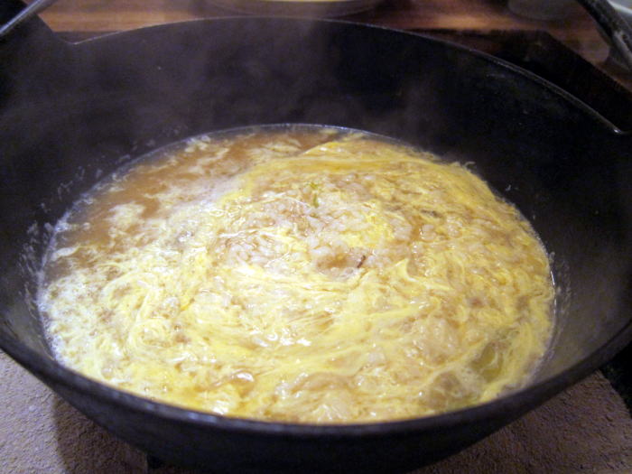 囲炉裏は2つに分かれていて右の鉄鍋には名古屋コーチンの鶏鍋がセットされました。
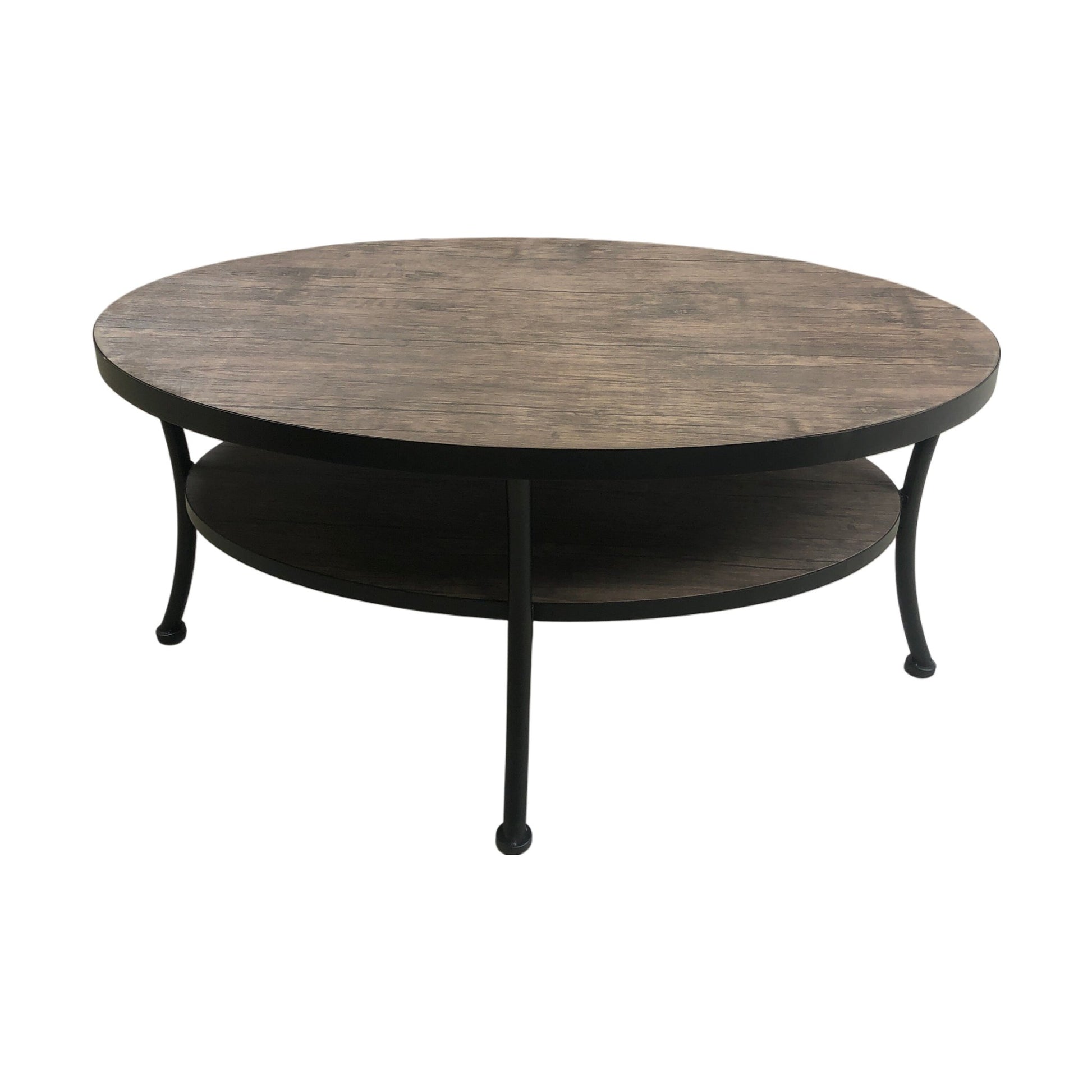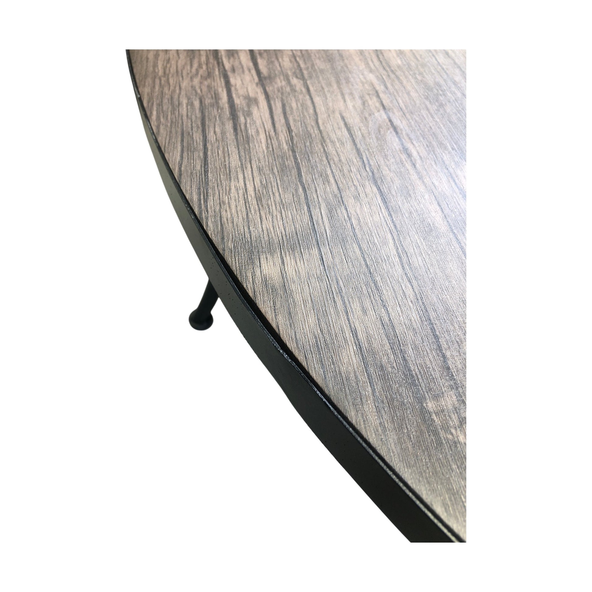 Manila sofabord fra A-Møbler har et rustikt og industrielt design med en oval plate i brun antikkmønstret folie og et sort metallunderstell. Bordet har en praktisk underhylle for oppbevaring og et elegant preg med sine rundede kanter, som gjør det trygt for både voksne og barn.
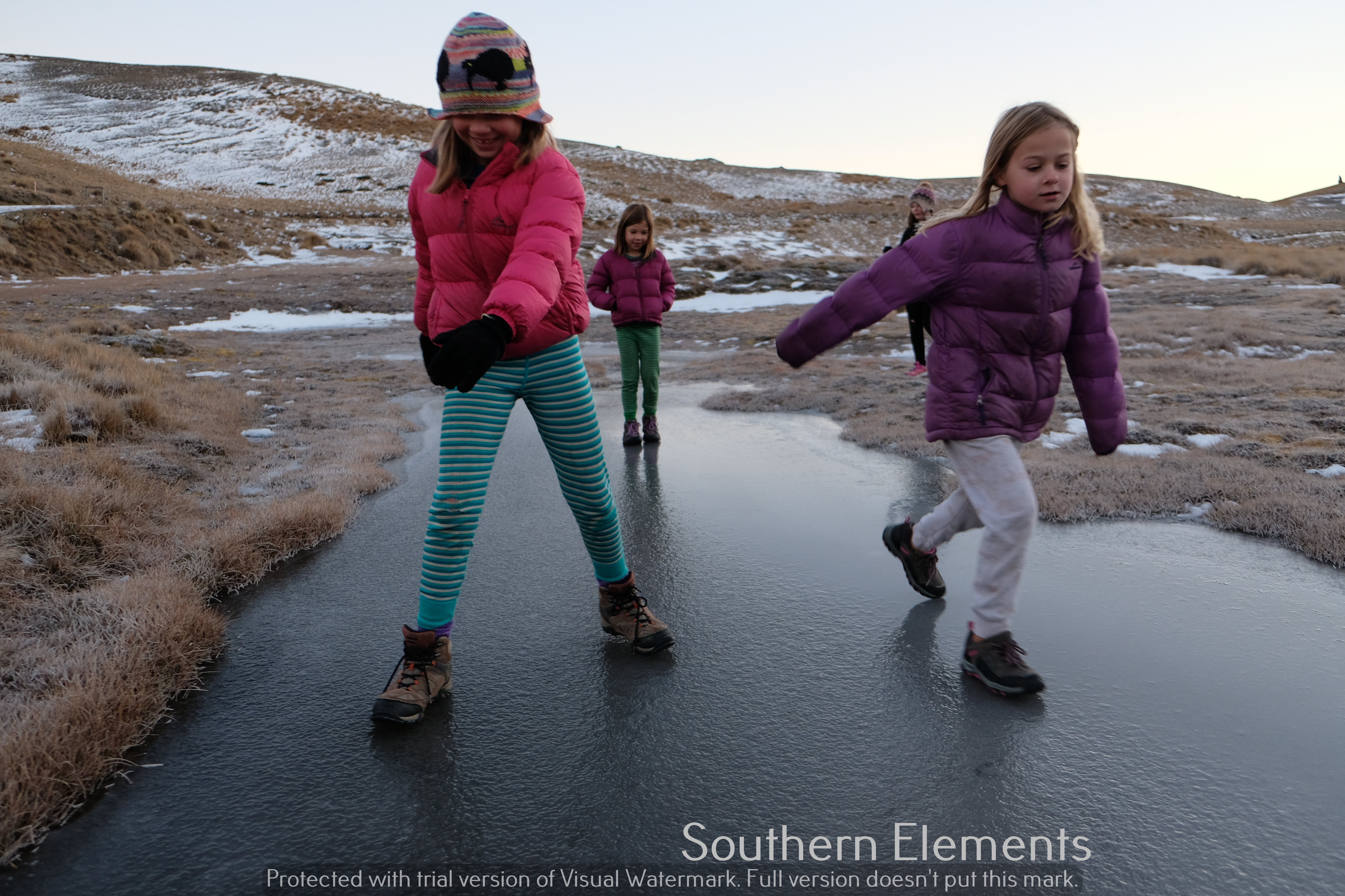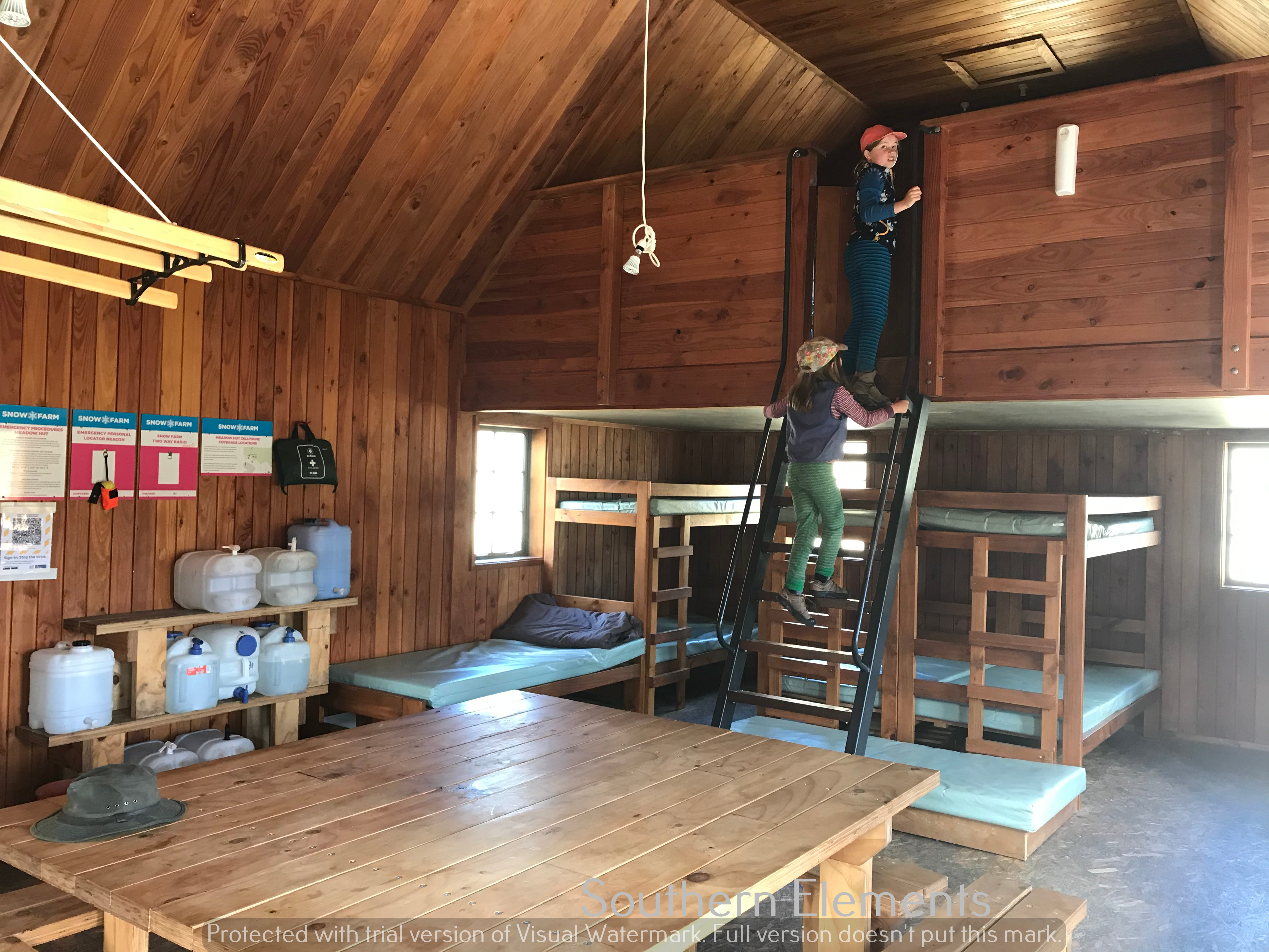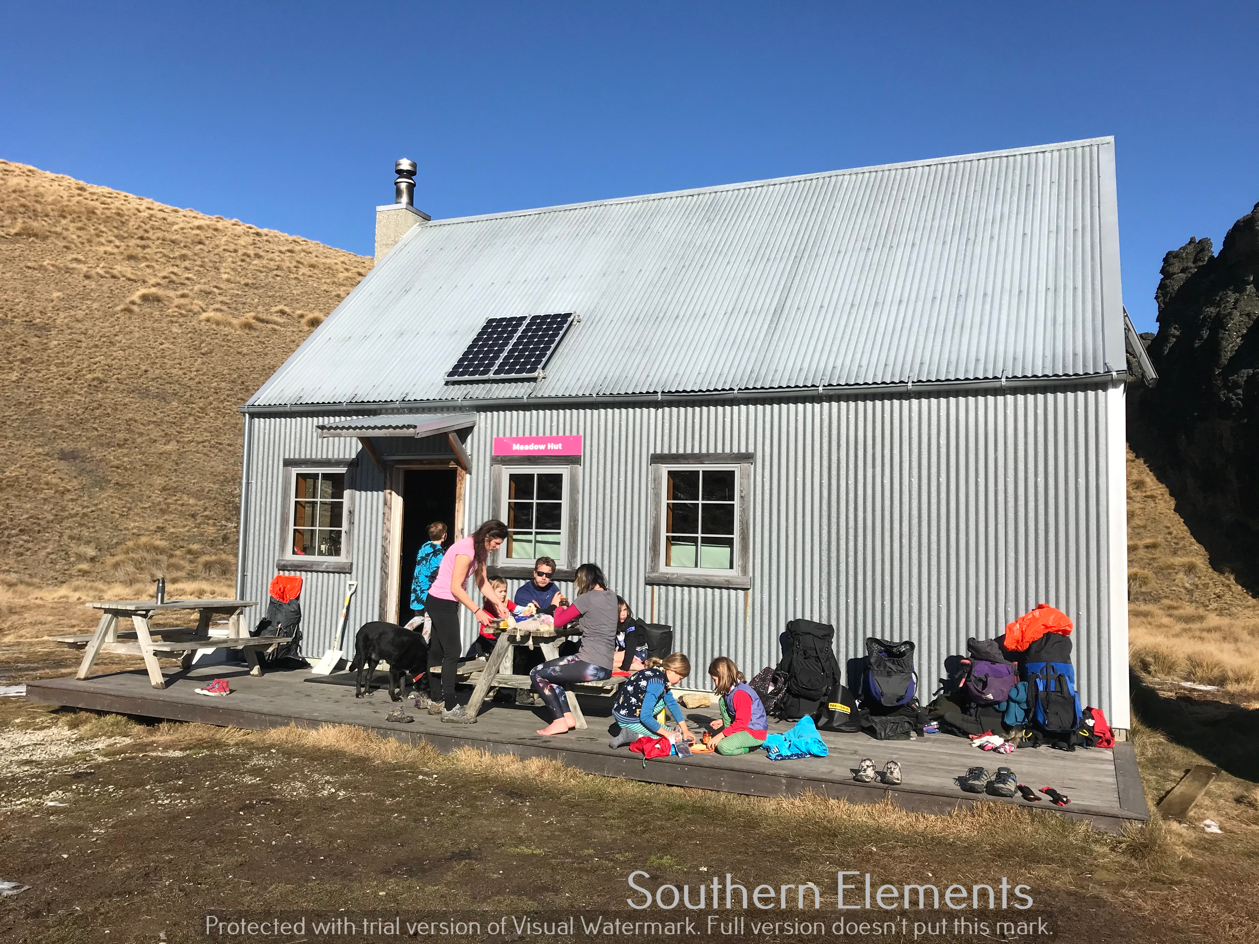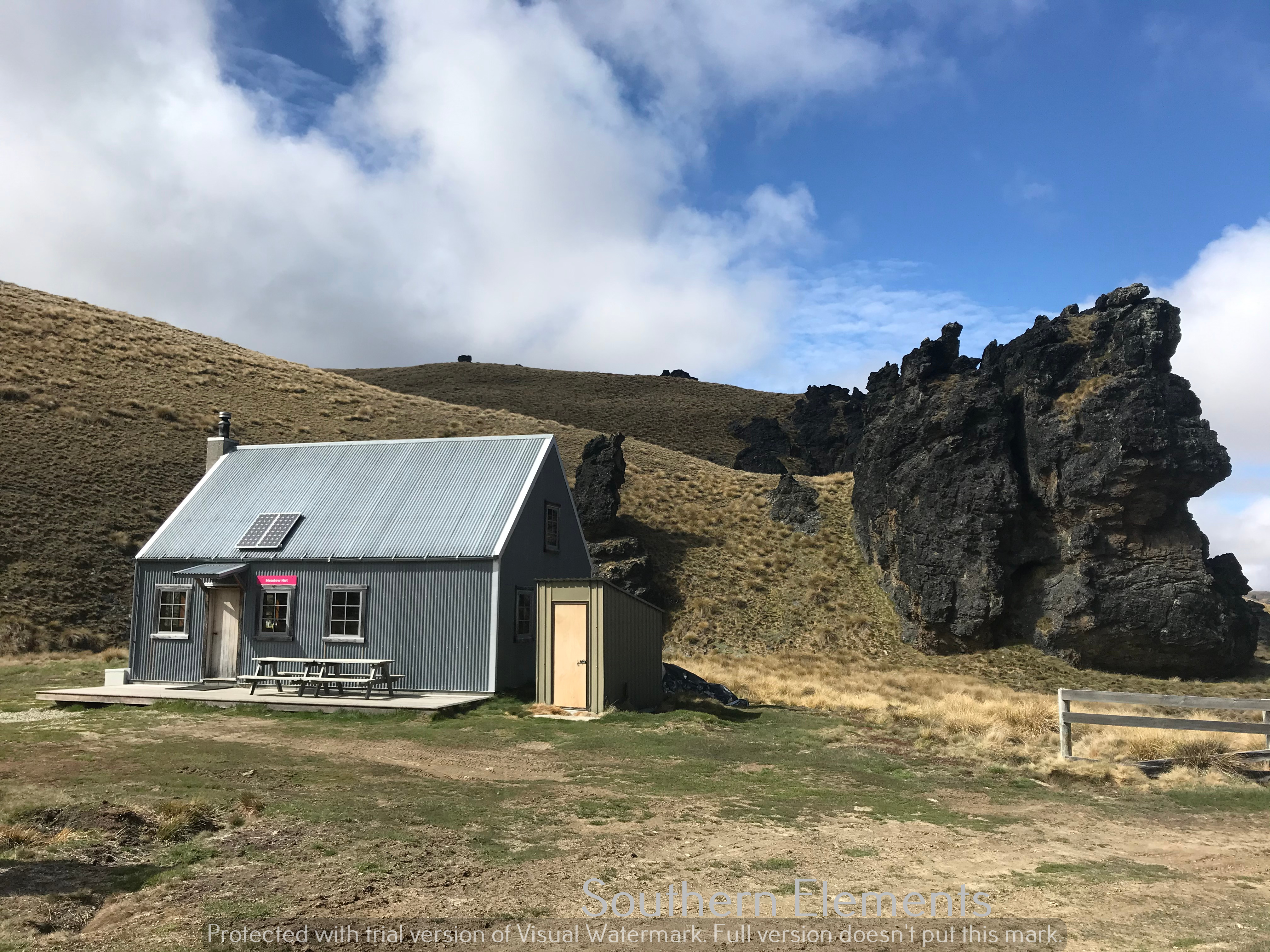 A well-equipped 20 bunk hut. See photo below – some mattresses on floor of mezzanine which has a door (parent peace-of-mind). Cookers, gas, stoves, equipment, firewood, water, and solar lighting provided. Temperature was -5C outside when I checked in the morning but was still fine inside the hut. The hut is nestled in quite a sheltered spot with the stream running behind it – great for splashing in summer or skating on in winter when it freezes. Across the stream are some awesome rock outcrops to explore, or head further up the hills for views of the surrounding area.

_TASK GOAL:_
The listing must be returned in full and exactly, apart from its pictures.

_SOLUTION FOR THIS TASK:_
 囲炉裏は2つに分かれていて右の鉄鍋には名古屋コーチンの鶏鍋がセットされました。
 Manila sofabord fra A-Møbler har et rustikt og industrielt design med en oval plate i brun antikkmønstret folie og et sort metallunderstell. Bordet har en praktisk underhylle for oppbevaring og et elegant preg med sine rundede kanter, som gjør det trygt for både voksne og barn.
 A well-equipped 20 bunk hut. See photo below – some mattresses on floor of mezzanine which has a door (parent peace-of-mind). Cookers, gas, stoves, equipment, firewood, water, and solar lighting provided. Temperature was -5C outside when I checked in the morning but was still fine inside the hut. The hut is nestled in quite a sheltered spot with the stream running behind it – great for splashing in summer or skating on in winter when it freezes. Across the stream are some awesome rock outcrops to explore, or head further up the hills for views of the surrounding area.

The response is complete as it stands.